>>

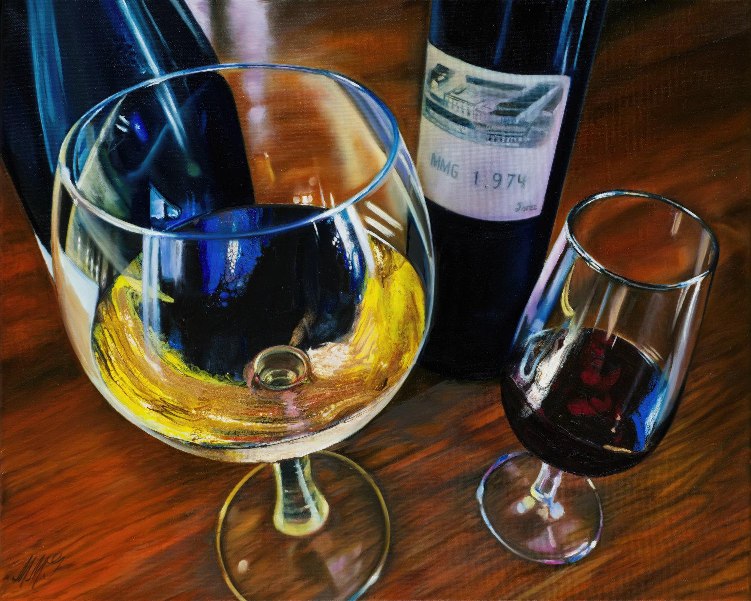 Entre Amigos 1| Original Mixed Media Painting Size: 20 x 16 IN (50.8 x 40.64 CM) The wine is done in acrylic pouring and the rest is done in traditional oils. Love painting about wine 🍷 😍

<<
>>

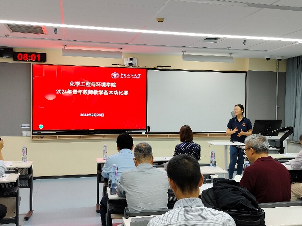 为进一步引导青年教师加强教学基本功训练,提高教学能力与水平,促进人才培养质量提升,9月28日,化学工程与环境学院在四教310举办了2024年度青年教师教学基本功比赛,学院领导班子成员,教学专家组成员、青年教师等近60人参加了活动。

<<
>>

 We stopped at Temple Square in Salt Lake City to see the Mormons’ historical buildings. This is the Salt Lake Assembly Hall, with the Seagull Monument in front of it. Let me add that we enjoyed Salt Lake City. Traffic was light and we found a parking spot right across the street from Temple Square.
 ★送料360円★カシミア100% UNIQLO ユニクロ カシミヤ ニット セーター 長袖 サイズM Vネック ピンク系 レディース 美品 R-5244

<<

◆ **WHAT TO WORK ON**: From the records above, print only the lines between the one holding "We stopped at" and the one holding "レディース 美品 R-5244", inclusive, exactly as they stand.

◆ **RESULT OF THE TASK**:
 We stopped at Temple Square in Salt Lake City to see the Mormons’ historical buildings. This is the Salt Lake Assembly Hall, with the Seagull Monument in front of it. Let me add that we enjoyed Salt Lake City. Traffic was light and we found a parking spot right across the street from Temple Square.
 ★送料360円★カシミア100% UNIQLO ユニクロ カシミヤ ニット セーター 長袖 サイズM Vネック ピンク系 レディース 美品 R-5244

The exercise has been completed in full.